The drawing might be misleading, you are putting the comparison value into the stack in your drawing where it is not yet in the stack while you are comparing them. You only put that comparison value into the stack after each time you have finished comparing everything which is after each while loop.
i just dont understand how you can pop in the middle of the stack, like 69 is not on top of the stack, how can you pop it off? isnt stack LIFO? so you have to pop 72 before you can pop 69 right?
Runtime is O(n) - you simply iterate over the list of 'n' temperatures. Each iteration you push an element onto a stack O(1), and do some number of pops from the stack. Since we push 'n' elements, even though each step we can pop a variable amount of elements, the total number of these pops can't exceed 'n', so on average it's a single pop per iteration. In the loop: Pop stack and assign - O(1) average Push stack - O(1) Loop: O(n) Overall: O(n) Memory is also O(n) since worst case we would have a stack containing 'n' elements. We would run into this case if our temperatures were continually decreasing. 10,9,8,7,6,5,4,3,2,1 at the end of the iterations, our stack would contain every element ('n' elements), and our array to return would be all 0 since the condition of increasing was never met.
Took me a while to see it, but once we do it's easy - not a fan of these trick questions where it's easy only if we solved it before. To me the solution is a stack that tracks the smallest value. If we come across a larger value, we keep popping from the stack. This works because values that work for larger values will also work for the smallest values on the top of stack.
Tbh the "it's intuitive to use the stack here" is not right. To me it felt like you jumped to it without reason. Seeing the solutino i can see that it works, but it's taking a while to get an intuitive understanding why it works.
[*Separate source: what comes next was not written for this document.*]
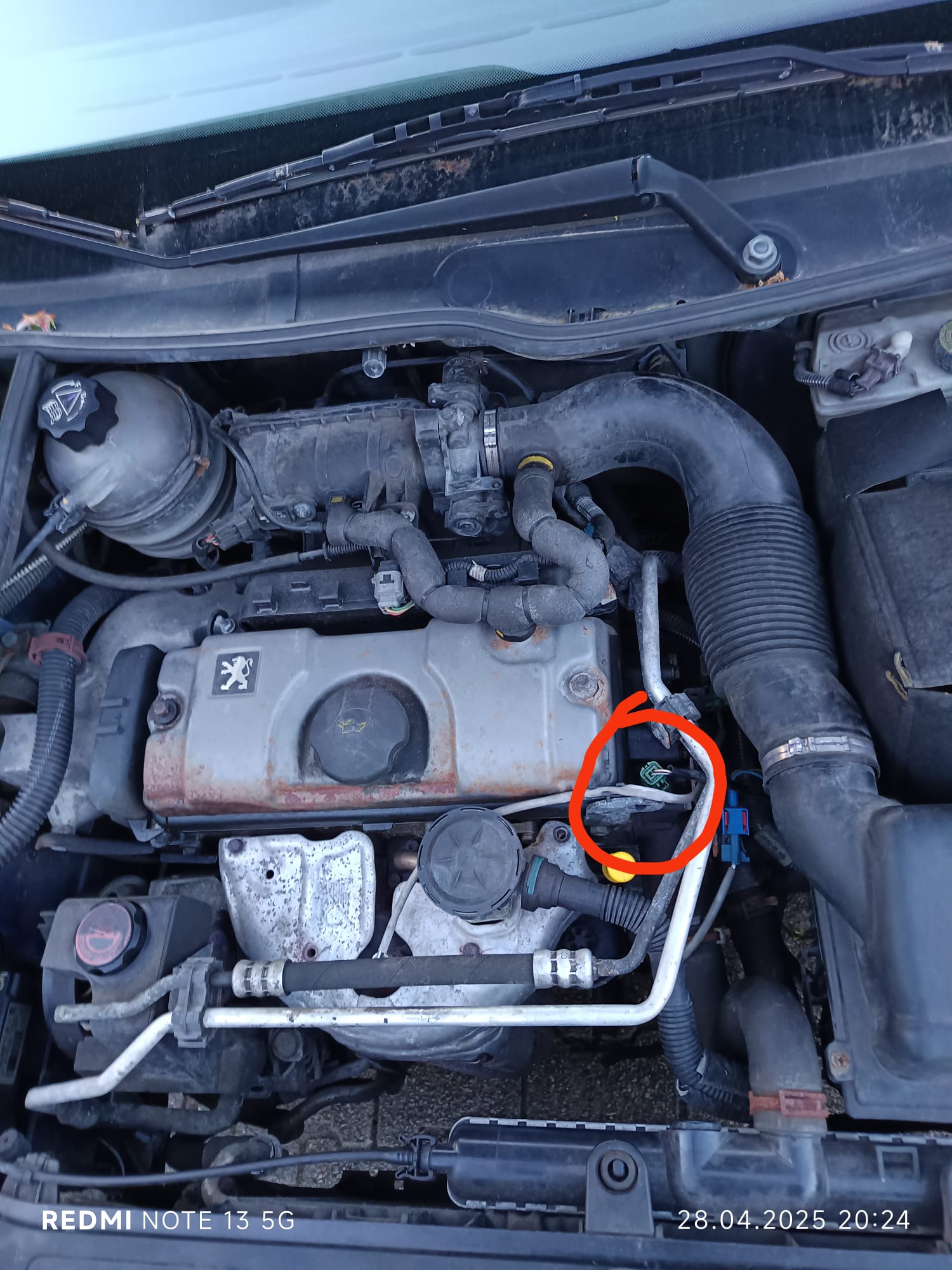 Die Temeraturanzeige steigt normal bis auf 85 Grad, dann macht die Anzeige einen Satz in Richtung rote Azeige, die Warnlampe "Stop" geht an. Das Kühlergebläse schaltet sich ein, es laüft ca 15 Sekunden, schaltet sich aus und der Temperaturanzeiger geht wieder auf normale 85 Grad. Sollte auch der Temeraturfühler (grüner Stecker) am Motor defekt sein? Ist es der eingekreiste auf dem Bild?

8:09 You talk about popping the stack but are still using the popped values to be present to indicate distance (for the number 75 in your example). Popping doesn't allow for that as it shortens arrays, so this explanation doesn't make much sense. Also popping occurs from the end, shifting occurs from the beginning, and you're referring to "popping" numbers with earlier index values (inserted earlier) with items inserted later at the end, which also doesn't make sense at face value (you're placing the number in your stack in your explanation and then discussing popping earlier values). **EDIT** This only makes sense when you get to the code section and realize you're storing the index in the value. It makes no sense (as I commented above) to a first-time observer watching your drawn explanation.
A small optimization - you need not store the (key, index) pair. You can just store the index in the queue. For each comparison just reference the array with the index in the queue. Got a faster compute and lesser space.
Great tip
Thanks
Kyu(queue)
for anyone wondering how the code will look like with this modification (imagine a "sliding window" technique of comparing index l and index r):
answer = [0] * len(temperatures)
stack = []
for r in range(len(temperatures)):
while stack and temperatures[stack[-1]] < temperatures[r]:
l = stack.pop()
answer[l] = r-l
stack.append(r)
return answer
@@randomystick can you explain what he did with stackInd? it makes no sense to me. how is he indexing in his list with a variable that has no value but was initialized?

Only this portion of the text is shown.